-- Opening Marker --

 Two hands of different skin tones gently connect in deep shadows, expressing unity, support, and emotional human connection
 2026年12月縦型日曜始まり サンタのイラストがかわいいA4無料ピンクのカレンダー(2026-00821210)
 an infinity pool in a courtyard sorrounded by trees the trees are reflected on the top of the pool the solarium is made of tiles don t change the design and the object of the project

-- Closing Marker --
-- Opening Marker --

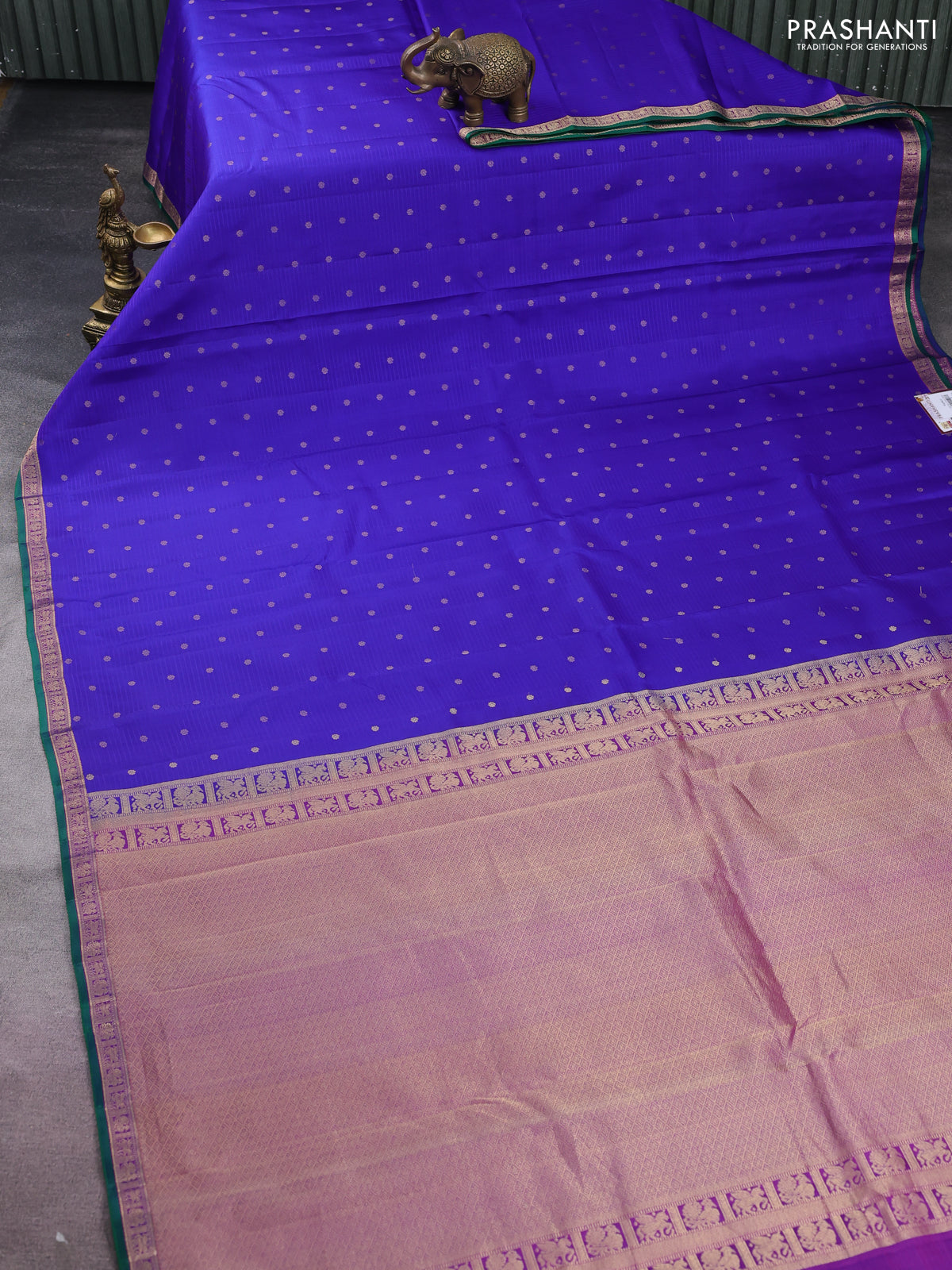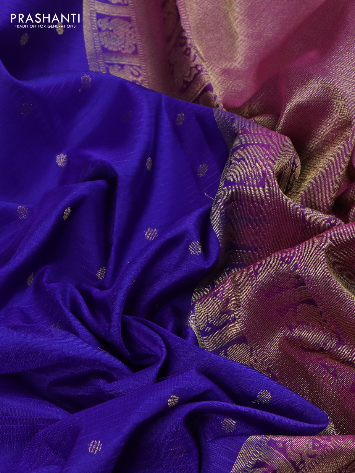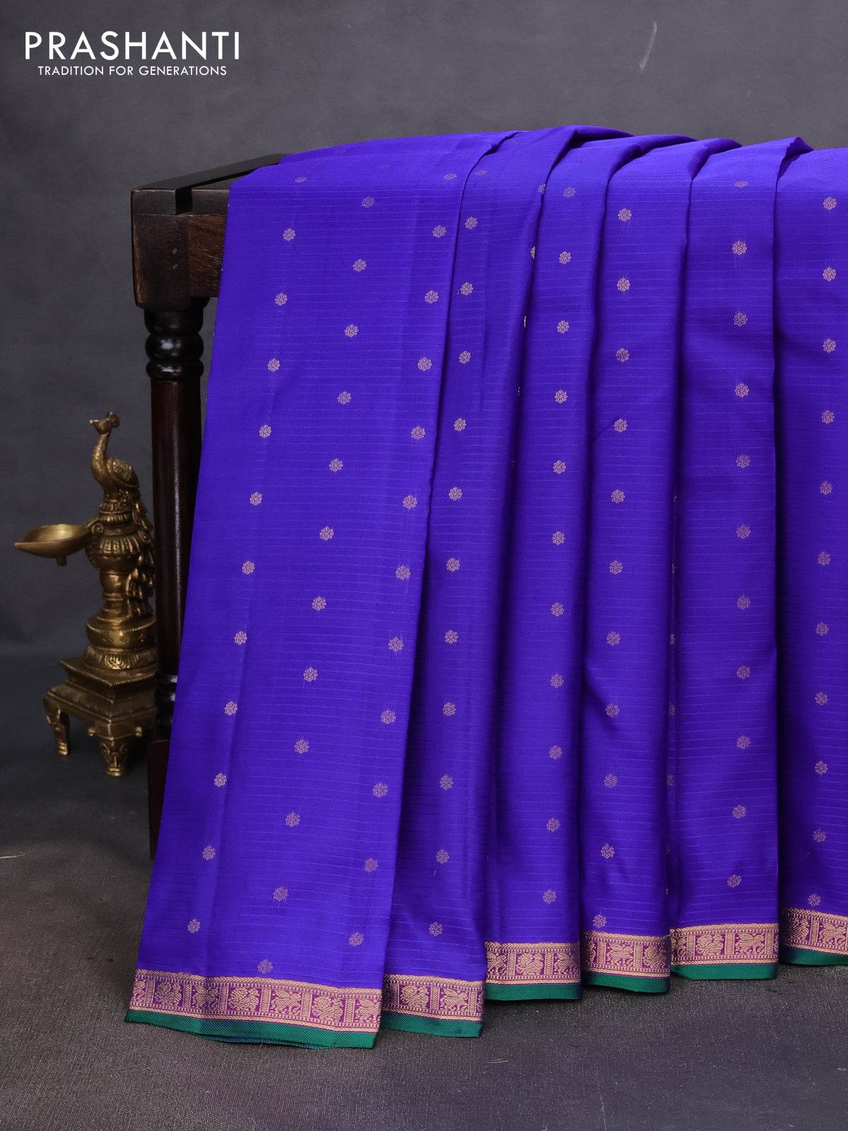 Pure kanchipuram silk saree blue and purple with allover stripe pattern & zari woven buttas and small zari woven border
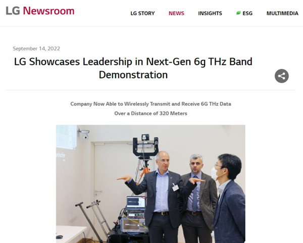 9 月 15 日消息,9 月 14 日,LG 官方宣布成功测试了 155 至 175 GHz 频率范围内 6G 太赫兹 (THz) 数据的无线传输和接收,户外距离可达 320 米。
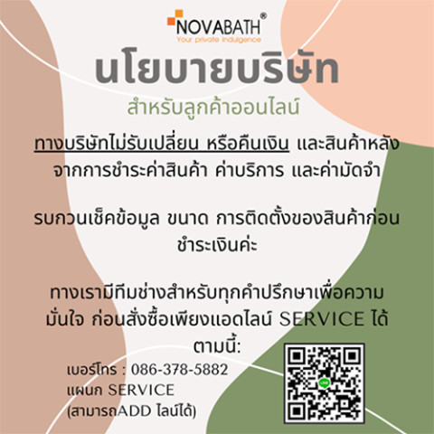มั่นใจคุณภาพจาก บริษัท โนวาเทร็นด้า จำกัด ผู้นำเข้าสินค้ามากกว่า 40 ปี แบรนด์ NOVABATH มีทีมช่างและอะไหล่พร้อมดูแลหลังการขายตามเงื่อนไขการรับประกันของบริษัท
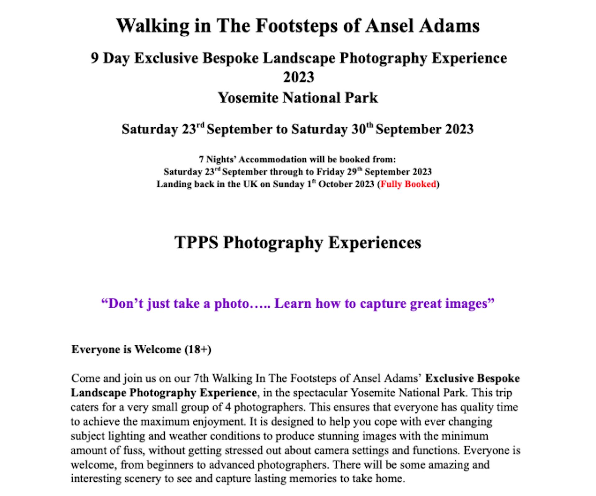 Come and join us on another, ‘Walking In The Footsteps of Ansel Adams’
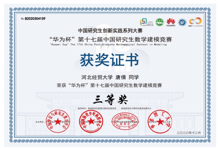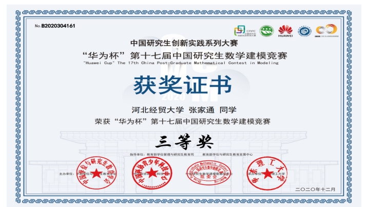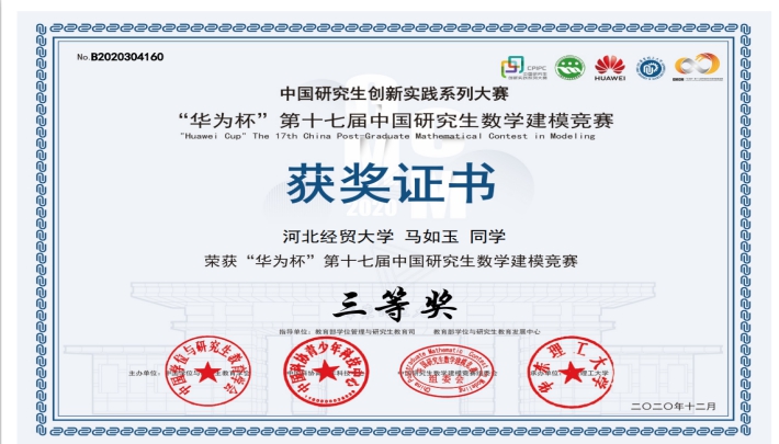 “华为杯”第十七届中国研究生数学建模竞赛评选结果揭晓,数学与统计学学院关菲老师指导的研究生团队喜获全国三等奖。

-- Closing Marker --
-- Opening Marker --

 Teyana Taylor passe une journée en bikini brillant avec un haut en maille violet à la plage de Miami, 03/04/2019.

-- Closing Marker --

| Your instructions |
An exact, complete copy of the lines above from the one with "2026年12月縦型日曜始ま" through the one with "an infinity pool" is the whole answer.

| Exercise solution |
 2026年12月縦型日曜始まり サンタのイラストがかわいいA4無料ピンクのカレンダー(2026-00821210)
 an infinity pool in a courtyard sorrounded by trees the trees are reflected on the top of the pool the solarium is made of tiles don t change the design and the object of the project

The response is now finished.